Try it: Would you please transcribe the listing exactly, with no images?
*** Information supplied Section Begins ***
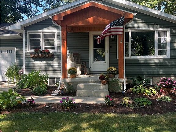 Charming 5 bedroom house oozing curb appeal and warmth. This inviting home has new premium siding, soffit and facia, cedar front porch and lush landscaping. Inside is full of natural light hardwood floors, updated bathrooms, new modern lighting and fixtures, a statement fireplace{electric} finished off with venetian plaster finish. Down the bright staircase you will find a walk out basement featuring an awesome view 3 bedrooms, a full bath with new fixtures and walls, new water hearter, a fantastic, money saving hot water boiler. The very big family room has a new brick accent wall and doors leading out to your gigantic back yard. Here you will find a brand new deck surrounding a new pool. You will delight in this move in ready Catlin home.
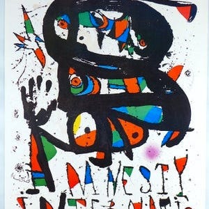 Plakat fra Amnesty Internationals 25. jubilaeum, 1986, med reproduktion af Frank Rubins 1962 abstrakt motiv. Tryk af Permild & Rosengreen.
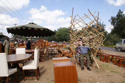 東明が家具ジュアカリ工房群の一角にて公開制作を行なった。完成した作品は東の帰国後も家具職人たちの休憩所として設置されたままとなった。
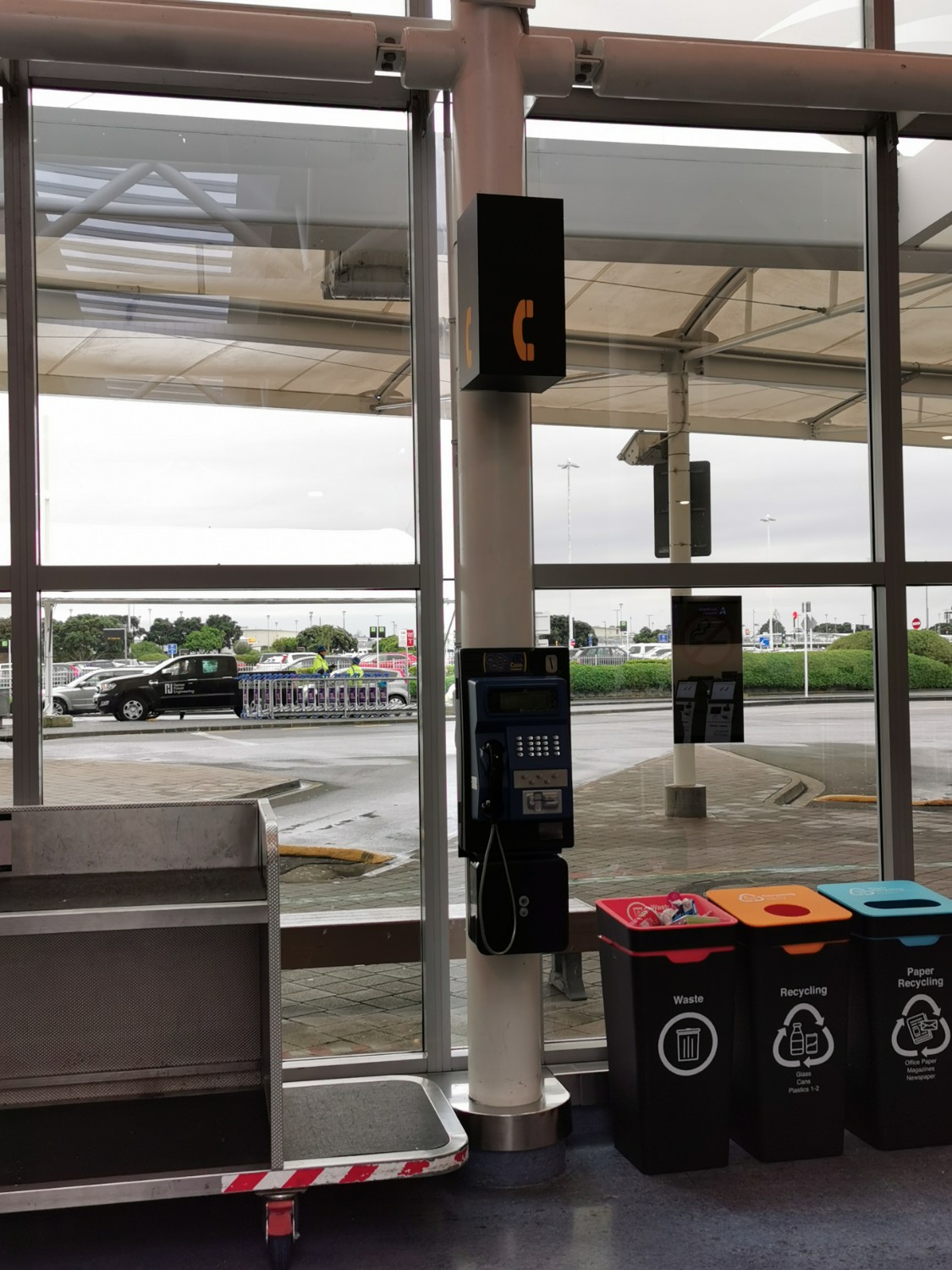 พอเราออกมา ก็เดินไปตามนัดคือ "After entering the arrivals hall, call us on our free phone number 0508 WILDERNESS (0508 945 337) At the Auckland international terminal, exit via door 3 and wait on the traffic island across the road. เรายังไม่ได้ซื้อซิมที่โน้น ก็เลยพยายามหาโทรศัพท์ฟรี เดินไปเดินมาสักพัก เลยไปหยิบโทรศัพท์ที่แขวนๆอยู่แถวประตูมากด ปรากฎว่าเป็นโทรศัพท์ของจนท.สนามบิน ขอโทษขอโพย วางสายแทบไม่ทัน ที่แท้มันอยู่ตรงแถว ๆ ประตู 3 เลยจ้า มองหาสัญลักษณ์แบบนี้ให้ดี อาจจะโดนซุ้มประตูบังไว้ หายากนิดนึง
*** Information supplied Section Ends ***
Response below:
 Charming 5 bedroom house oozing curb appeal and warmth. This inviting home has new premium siding, soffit and facia, cedar front porch and lush landscaping. Inside is full of natural light hardwood floors, updated bathrooms, new modern lighting and fixtures, a statement fireplace{electric} finished off with venetian plaster finish. Down the bright staircase you will find a walk out basement featuring an awesome view 3 bedrooms, a full bath with new fixtures and walls, new water hearter, a fantastic, money saving hot water boiler. The very big family room has a new brick accent wall and doors leading out to your gigantic back yard. Here you will find a brand new deck surrounding a new pool. You will delight in this move in ready Catlin home.
 Plakat fra Amnesty Internationals 25. jubilaeum, 1986, med reproduktion af Frank Rubins 1962 abstrakt motiv. Tryk af Permild & Rosengreen.
 東明が家具ジュアカリ工房群の一角にて公開制作を行なった。完成した作品は東の帰国後も家具職人たちの休憩所として設置されたままとなった。
 พอเราออกมา ก็เดินไปตามนัดคือ "After entering the arrivals hall, call us on our free phone number 0508 WILDERNESS (0508 945 337) At the Auckland international terminal, exit via door 3 and wait on the traffic island across the road. เรายังไม่ได้ซื้อซิมที่โน้น ก็เลยพยายามหาโทรศัพท์ฟรี เดินไปเดินมาสักพัก เลยไปหยิบโทรศัพท์ที่แขวนๆอยู่แถวประตูมากด ปรากฎว่าเป็นโทรศัพท์ของจนท.สนามบิน ขอโทษขอโพย วางสายแทบไม่ทัน ที่แท้มันอยู่ตรงแถว ๆ ประตู 3 เลยจ้า มองหาสัญลักษณ์แบบนี้ให้ดี อาจจะโดนซุ้มประตูบังไว้ หายากนิดนึง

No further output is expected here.